On 1039087774 seconds since the Beginning of the UNIX epoch
Jaromir Dolecek wrote:
>

>This is indeed the case. ps/top would display unreal CPU usage for
>the processes (and I belive also bogus (>100%) total CPU usage).
>There doesn't seem to be a way to give process temporal scheduling
>penalty ('nice' value sticks). So, I think the induced sleep there
>is better than messing with scheduler guts.

Hmmm, that is unfortunate.

I'd say that I still don't believe that this rather contrived case
calls for such a hack being put into the kernel, though.  I mean,
consider why we might want to do this:

	1.  to prevent malicious local DOS attack,
	2.  to prevent accidental local DOS, or
	3.  to keep up with the Joneses.

Obviously with (1) this is going to make no real difference because
something like:

	for (;;) {
		while (fork()!=-1)
			;
		for (i=0; i<SOME_BIG_NUM; i++)
			getpid();
	}

Will have a similar effect.  By defining SOME_BIG_NUM to be a few
seconds of CPU time, you can ensure that a majority of your processes
are not sleeping at any given point in time, but the outer loop
ensures that at least a few of them will try to fork in any given
second---and so you'll continue eating up process slots whenever
they become available.  You may want to randomly peturb SOME_BIG_NUM
on each iteration in case the processes get into lock-step.

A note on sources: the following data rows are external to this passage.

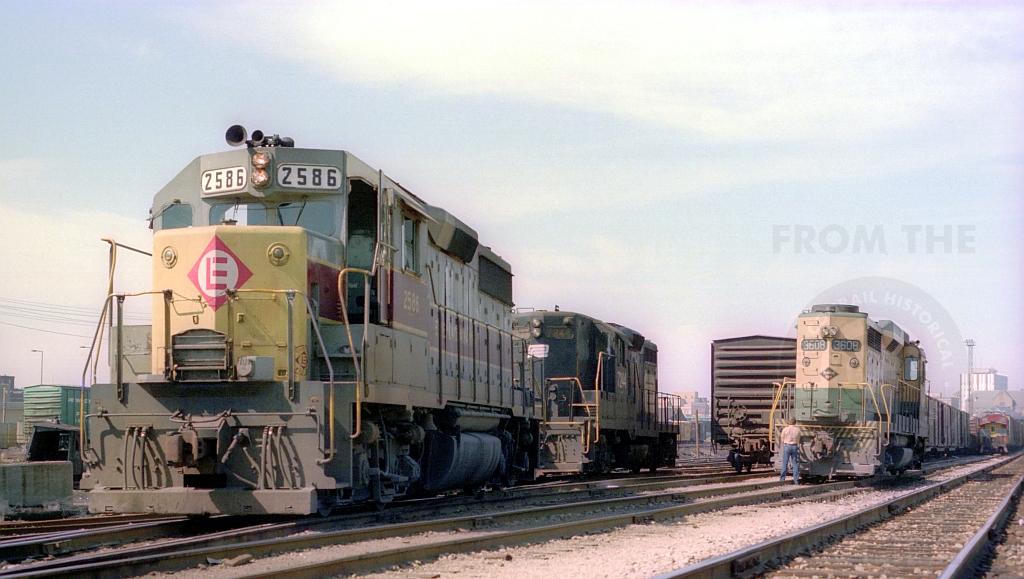 It's April of 1976 in Akron, Ohio as a Conrail crew cuts out the middle unit of an EL/PC/RDG trio. The geep would stay in Akron for local duty while the EL GP35 and RDG GP30 would continue west on the former EL main. The EL unit would become Conrail 3692, the highest numbered GP35 on Conrail.
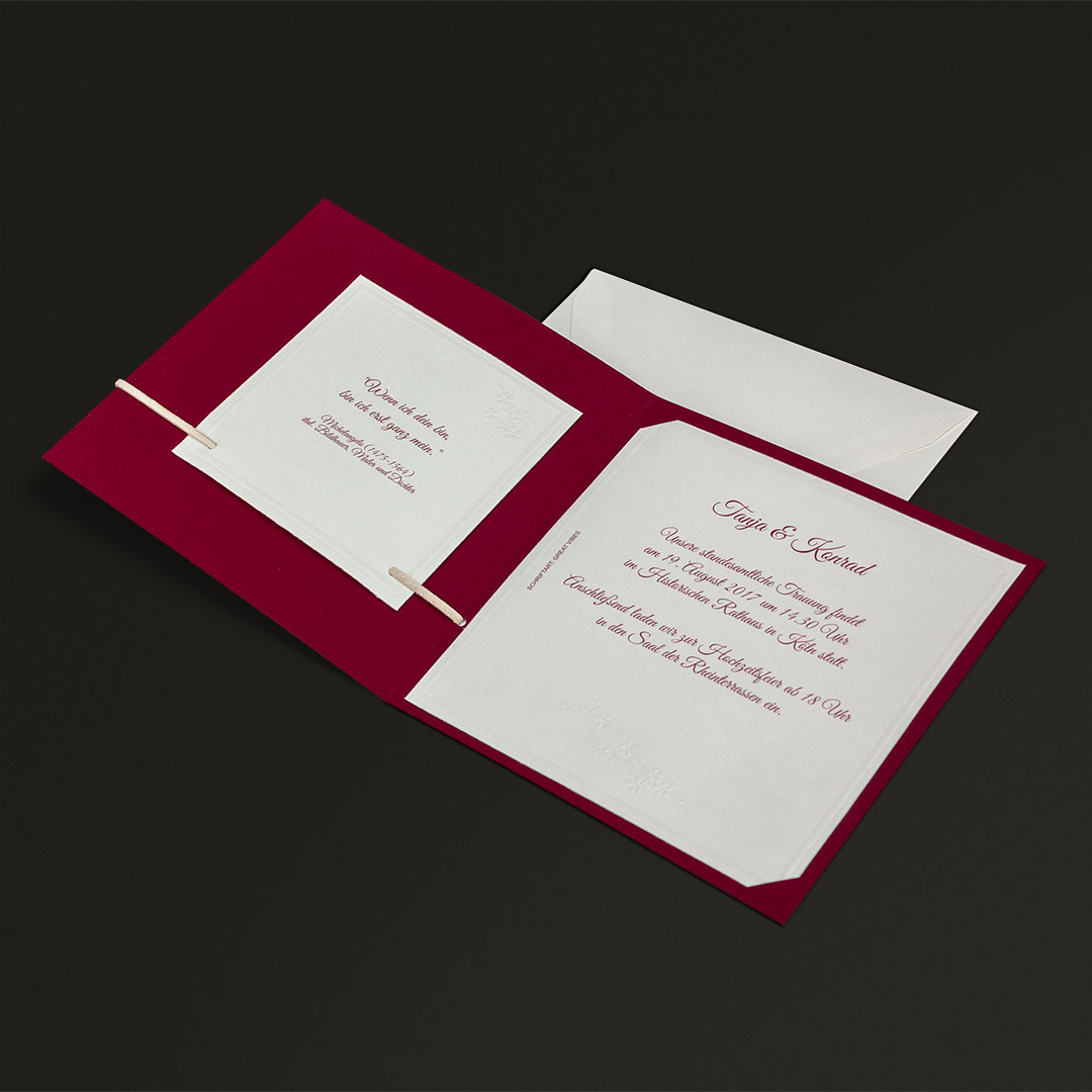 Ein kleines Highlight: Eine lederartige Kordel, an die auf der Außenseite ein Anhänger und auf der Innenseite ein Zusatzkärtchen geknüpft werden können – ideal für zusätzliche Informationen. Die Einladungstexte werden auf einen quadratischen Texteinleger gedruckt.
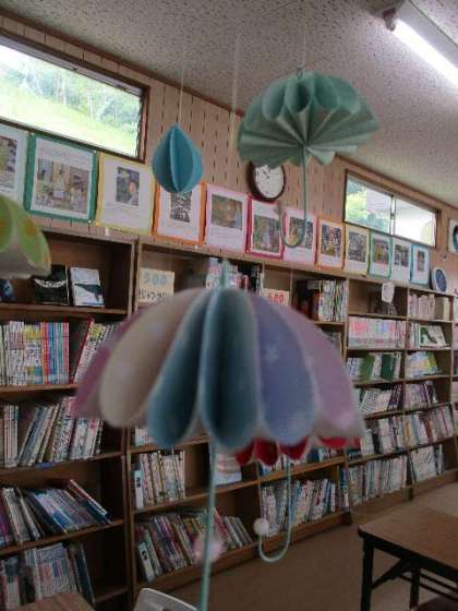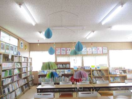 6月15日(水)に、「図書館に飾ってください」と、とてもかわいい飾りを作って、持ってきてくれた子がいます。雨の日にぴったりのモビールです。図書館でゆらゆら揺れています。お母さんと一緒に作ってくれたそうです。ありがとうございました。
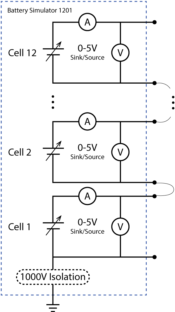 Battery Simulator 1201 Series 12 Cell Layout Functional Diagram
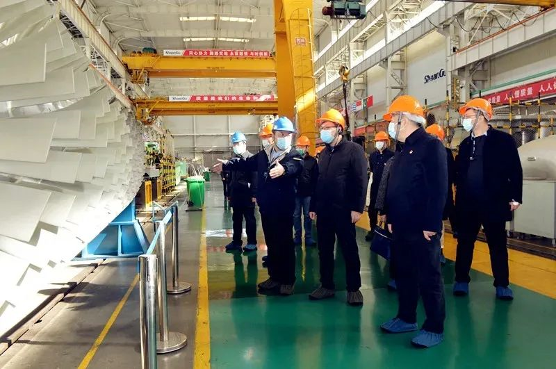 在总装车间,刘金平总经理对陕鼓核心产品在技术创新、应用领域等方面向调研组一行作了介绍。陕鼓创新研制的AV140轴流压缩机是我国航空发动机高空模拟试验的核心动力装备,也是冶金特大型高炉、催化裂化等多领域装备的“动力心脏”。打破了国外对该领域的技术垄断,填补了国内空白,为国产大型高端装备技术的持续提升提供了有力支撑。
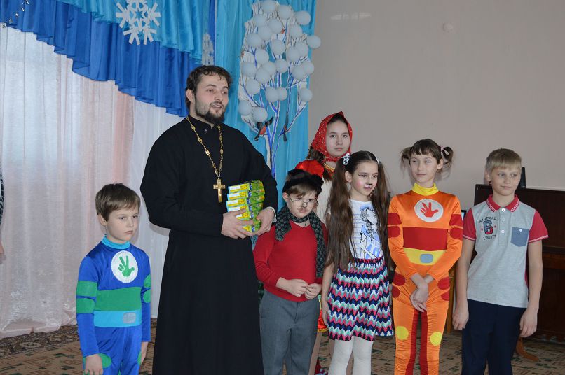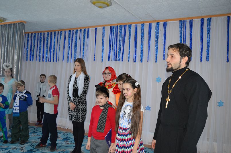 К малышам ребят из воскресной школы привел благочинный Медногорского округа иерей Максимом Малютой для того, чтобы они могли поделиться рождественской радостью с самыми маленькими – показать замечательный спектакль, в котором в доступной форме повествуется о Празднике, и поиграть с ними в разные веселые игры.
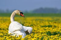 Elegante Knobbelzwaan rustend in een geel bloemenveld.
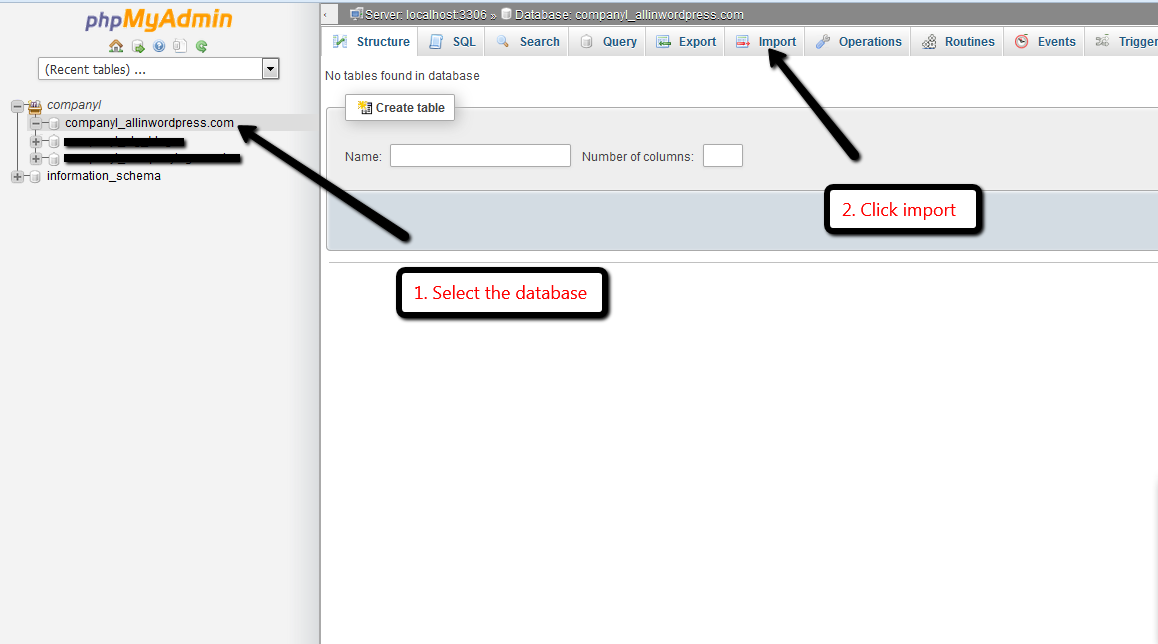 - 7. First select your database on the left panel, by clicking on it. Then click "import" and import the database. This is the .sql file in the folder called "database".
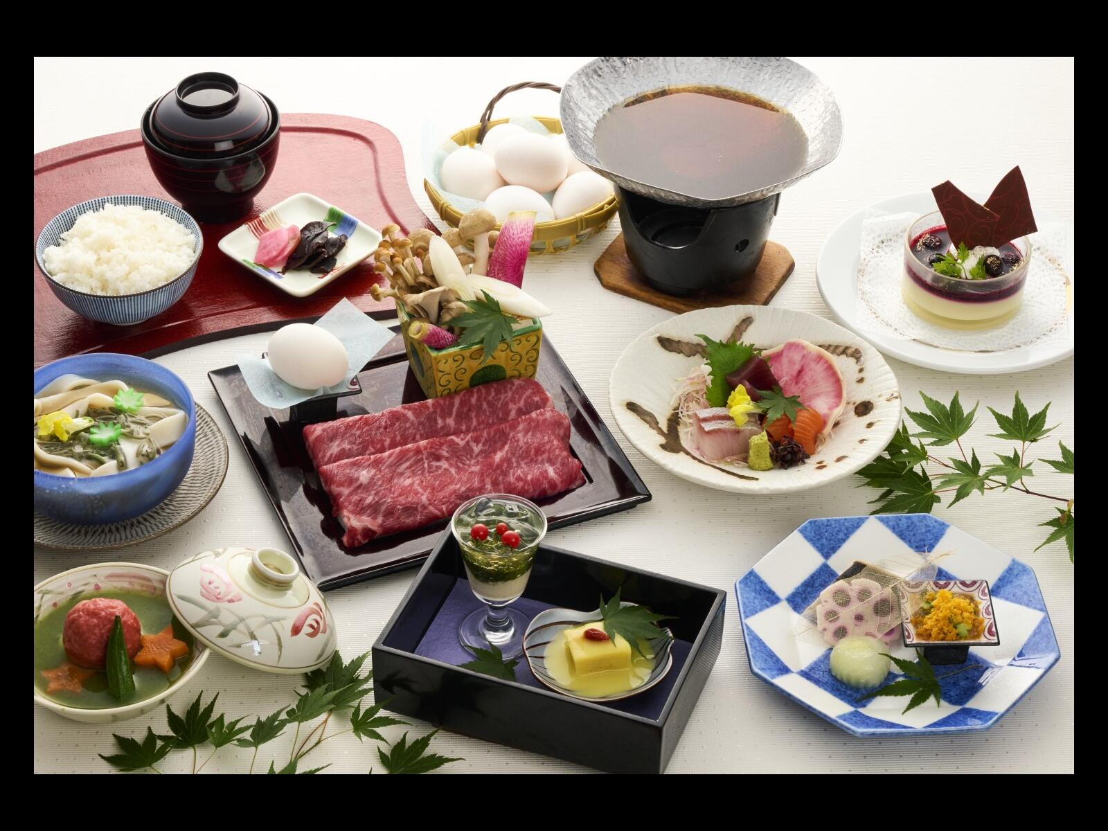 夕食は旬の味覚の和食膳+上州牛の陶板焼き(一品追加)ウェルカムコーヒー付(おとなのみ/滞在中1回)
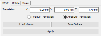 It is important for this exercise to place the part directly on the platform, not above it. In the example below, the part's position has a Z value of 1.70 mm, so we must bring this to 0.
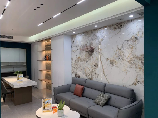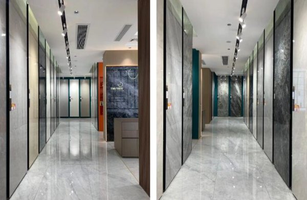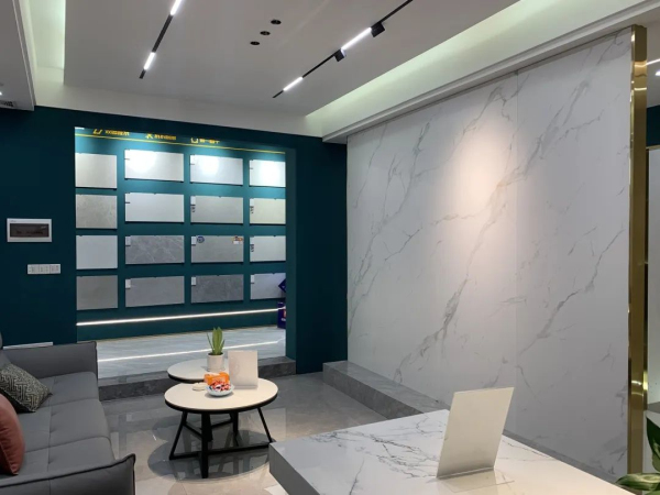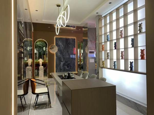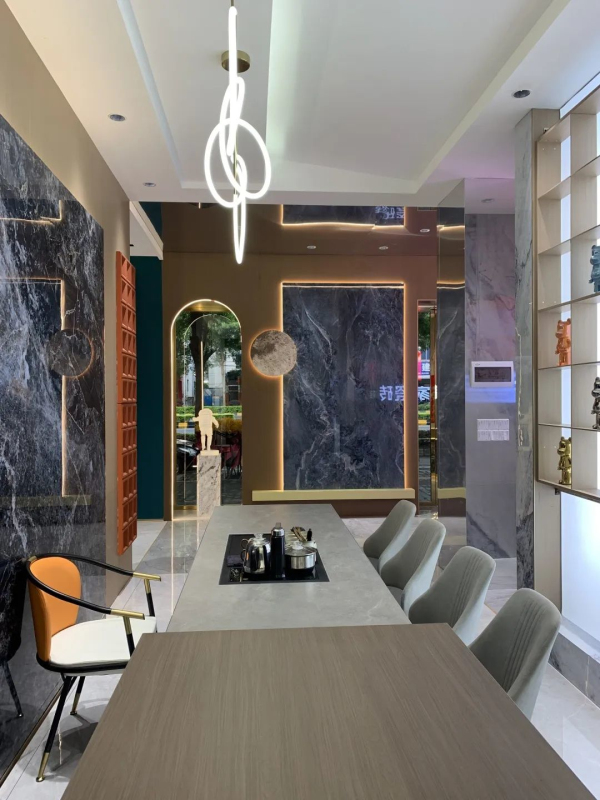韶關仁化旗艦店選材區各系列產品分區上板,整齊陳列,視野開闊,展示的產品規格多樣,品類齊全,花色新穎,特別是大板系列,搭配高端的設計,勾勒出溫馨、細致的店面風貌,令人驚艷!加上透亮燈光質感的點綴,烘托出視覺焦點。洽談區,桌椅的造型簡單大方,同時讓整個空間更加簡單時尚。

In fact, I just ran a program like the above but put a sleep(1)
after each failed fork() to test it and it appeared to have exactly
the same effect as a regular fork-bomb.  As an aside I'm currently
running a fork bomb on my workstation and admittedly X is a tad
jump and periodically my mp3 player skips, but it is not like I
can't finish this email...  Granted, I'm running a fork-bomb as
myself not as root, but still the effect is so mild that it is
pretty trivial to kill even though X, wmaker, aterm, etc all have
to get time slices before I can hit ^C in the right window.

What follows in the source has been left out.